“Di Bawah Terik Ramadhan, Laskar Merah Putih Pinrang Turun Tangan Bersihkan TPU Lasinrang yang Terlantar”

PINRANG, BESTNEWS — Semangat pengabdian yang menjadi semboyan Laskar Merah Putih (LMP) Kabupaten Pinrang: “Tiada Hari Tanpa Pengabdian” benar-benar dibuktikan dalam aksi nyata.

Di tengah suasana bulan suci Ramadhan dan teriknya matahari pada Sabtu, 14 Maret 2026, pengurus Markas Cabang (Macab) LMP Pinrang turun langsung melakukan bakti sosial pembersihan dan penyemprotan rumput di Pekuburan Lasinrang.

Pekuburan Lasinrang diketahui merupakan salah satu tempat pemakaman terbesar di Kabupaten Pinrang, namun kondisinya memprihatinkan.

Area kuburan dipenuhi rumput liar yang tumbuh lebat bahkan lebih tinggi dari nisan, sehingga menyulitkan peziarah untuk masuk dan mengganggu pemandangan.

Melihat kondisi tersebut, Ketua Macab LMP Pinrang, Dr. H. Sultani, M.I, bersama sejumlah pengurus dan jajaran pengurus Markas Anak Cabang (MAC) dari berbagai kecamatan langsung bergerak melakukan aksi gotong royong. Mereka membawa 10 unit tangki mesin semprot rumput untuk membersihkan area pekuburan secara serentak.

“Kami bergerak karena ini kepentingan masyarakat luas. Tempat pemakaman adalah tempat sakral bagi keluarga yang ingin berziarah.

Jika dibiarkan tertutup rumput seperti ini tentu sangat memprihatinkan,” ujar Dr. H. Sultani di sela-sela kegiatan.
Aksi sosial ini juga menjadi bentuk kepedulian LMP terhadap fasilitas umum yang dinilai kurang mendapat perhatian.

Dengan penyemprotan dan pembersihan yang dilakukan, diharapkan Pekuburan Lasinrang kembali terlihat bersih dan memudahkan para peziarah yang datang mendoakan keluarganya.

Sementara itu, beberapa pekerja yang selama ini membantu membersihkan area pemakaman, yakni Ancu, Abdul Samad, dan Anita, mengungkapkan bahwa perhatian pemerintah terhadap pemeliharaan makam tersebut sangat minim.

Menurut mereka, terakhir kali ada bantuan biaya dari pemerintah untuk pembersihan terjadi pada tahun 2017. Sejak saat itu, kegiatan pembersihan hanya mengandalkan inisiatif para pekerja dan bantuan sukarela dari keluarga yang memiliki makam di lokasi tersebut.

“Biasanya kami hanya mendapat sedikit biaya dari keluarga yang meminta kuburan keluarganya dibersihkan. Dari pemerintah hampir tidak ada lagi bantuan,” ungkap salah seorang pekerja.

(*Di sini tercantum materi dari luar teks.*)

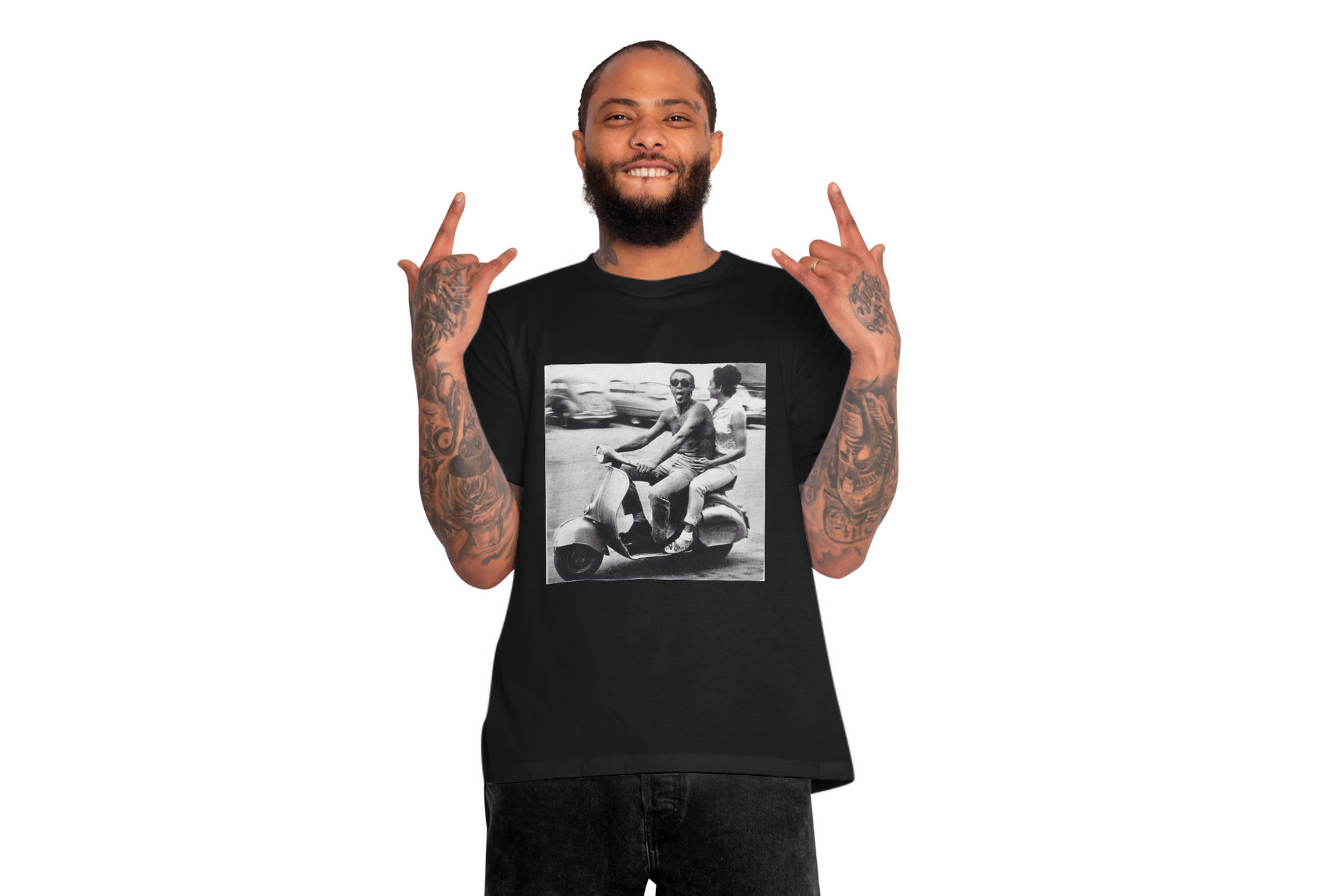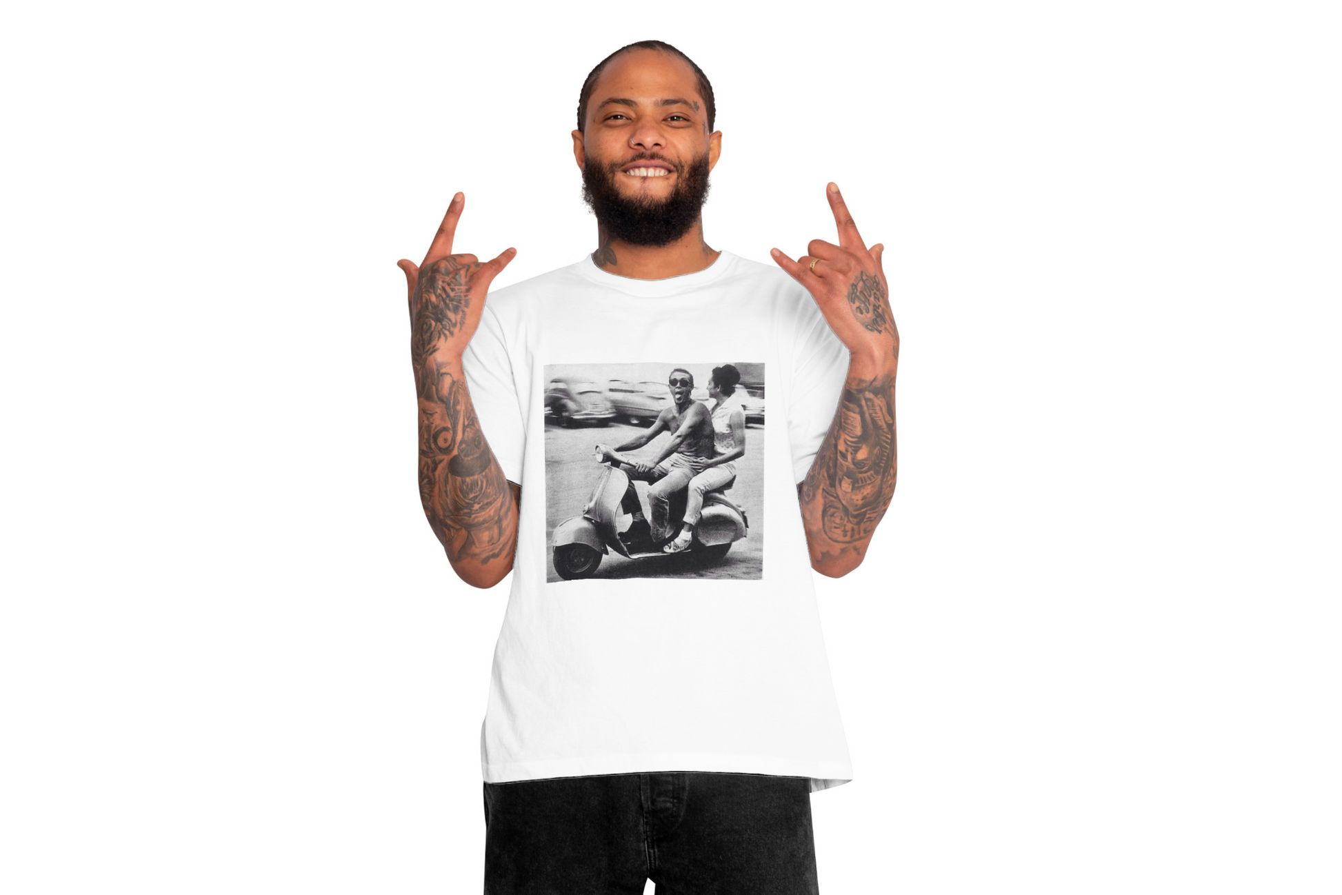 Íconos como Paul Newman, Brad Pitt o Audrey Hepburn en Vespa vuelven a vivir en camisetas que huelen a cine, libertad y estilo sin fecha de caducidad 🛵🎬

Melihat kondisi ini, Laskar Merah Putih Macab Pinrang berharap pemerintah daerah melalui dinas terkait dapat memberikan perhatian serius terhadap pengelolaan dan perawatan Pekuburan Lasinrang.

Mereka menilai perlu adanya pengelola resmi serta alokasi anggaran rutin untuk pembersihan dan perawatan, termasuk honor bagi para pekerja yang selama ini menjaga dan membersihkan area pemakaman.

Aksi sosial yang dilakukan LMP ini menjadi bukti bahwa semangat gotong royong dan kepedulian sosial masih hidup di tengah masyarakat, terlebih di bulan Ramadhan yang penuh berkah.

Dengan kerja bakti tersebut, Pekuburan Lasinrang diharapkan kembali bersih, tertata, dan layak menjadi tempat ziarah bagi masyarakat Pinrang yang ingin mengenang dan mendoakan orang-orang tercinta yang telah berpulang (707).